The lung cavities can be obscured by surrounding tissue of similar gray value, and some neighboring structures may induce strong edges in close proximity to the lung boundaries. Indeed, largely changing lung shapes and the lung’s weak or fuzzy edges make the boundaries hard to be distinguished, even in the absence of prominent neighboring structures. Although, some correct boundary information can be partially extracted from the adjacent slices, but the segmentation algorithm must be selected carefully to prevent the weak-edge leakage problem.

Therefore, in contrast to both previous methods i.e. [7] and [12] which used parametric active contours, our proposed algorithm exploited a geometric based active contour model. Geometric active contours have shown several advantages over parametric active contours, such as computational simplicity and the ability to change curve topology during deformation. On the other hand, although, geometric based deformable models had brought tremendous impacts on shape representation and analysis in medical image analysis, some problems remain including the handling of boundary leakage and the lack of global understanding of boundaries.

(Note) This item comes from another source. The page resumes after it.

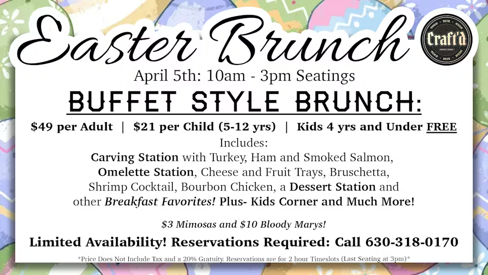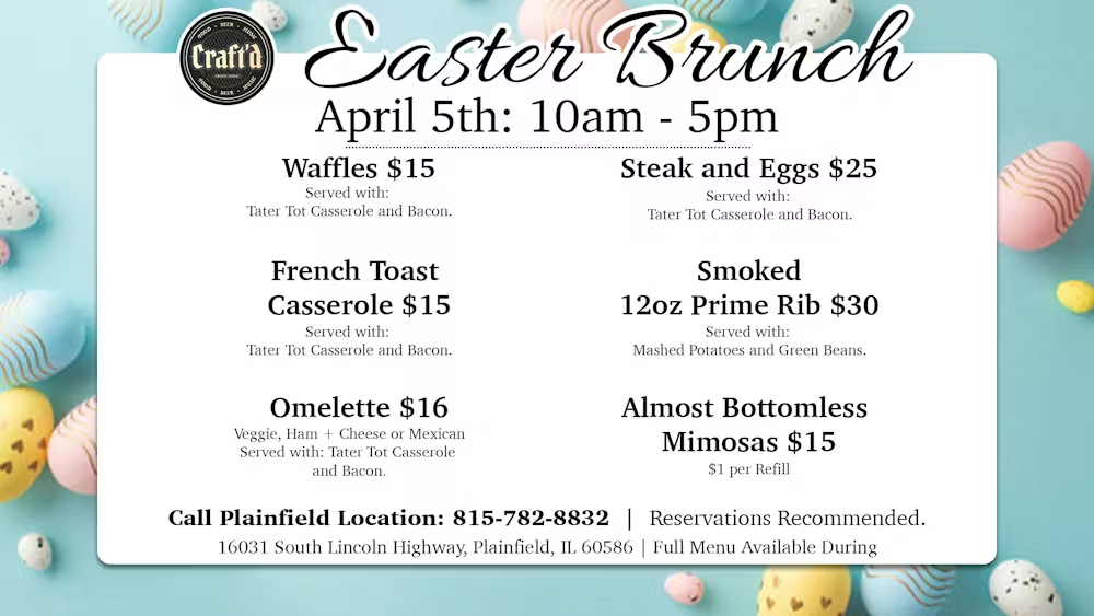 Easter Brunch Menu at Craft'd Plainfield - Sunday April 5th
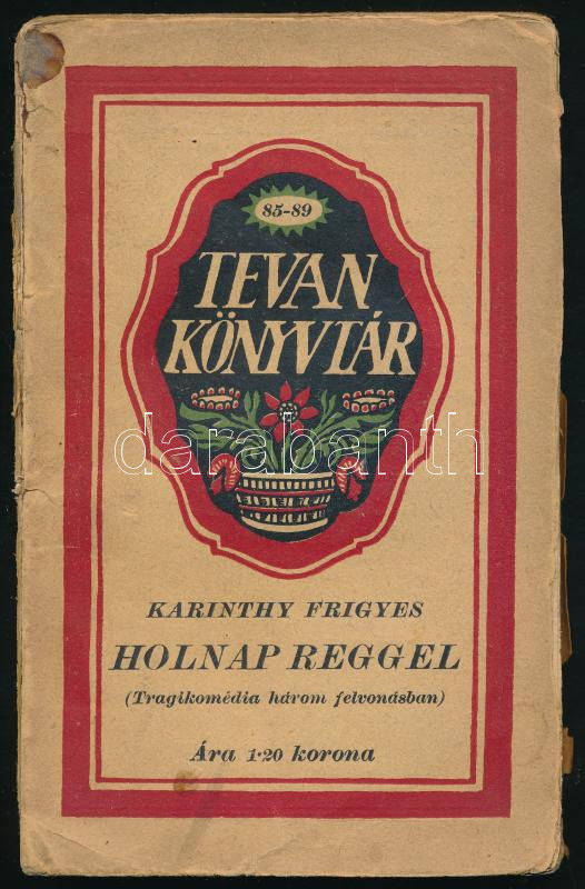 Karinthy Frigyes: Holnap reggel. (Tragikomédia három felvonásban). Mod... https://www.darabanth.com/en/450-Online-auction/450.0/Books/Books-Other-rarities~2000028/Karinthy-Frigyes-Holnap-reggel-Tragikomedia-harom-felvonasban-Modern-Konyvtar-85-89-BekC3~II2987910

Thus, in this paper, we utilized a robust geometric-based active contour which could significantly improve the active contour performance in capturing complex geometries and dealing with difficult initialization, weak edges and broken boundaries. This model integrates the gradient flow forces with region constraints provided by FCM region generation algorithm. The FCM approach was straightforward to implement and had fixed parameters, but most importantly it allowed us to segment the images.

Experimental results show that the proposed model not only is much more robust toward the lung weak edges, but also has better convergence quality. This can be clearly seen from our results, which are superior to those of previous works [7] and [12]. There were, however, a couple of lower lung region slices being at the bottom of lungs that could not be segmented as accurately as could be the other slices. This problem was mainly due to the fact that the lung cavities tend to be poorly represented in these extreme slices. Overall, as is evident from Figs. 5, 6, 7 and 8, the proposed method is robust enough to efficiently deal with pronounced lung cavities and different shapes for each lung.

We consider our proposed method’s results to be highly encouraging. Efforts were made to reduce the amount of a priori knowledge used, so as to keep the method as generic as possible. This makes our method worth serious consideration for further development as an automated tool for image segmentation in medicine. Since, after the segmentation step, several 2D shapes representing the lung regions at different levels (slices) are available, the future work will include the extension of the proposed method to 3D for the analysis of the complete MR data set toward a more efficient treatment planning system.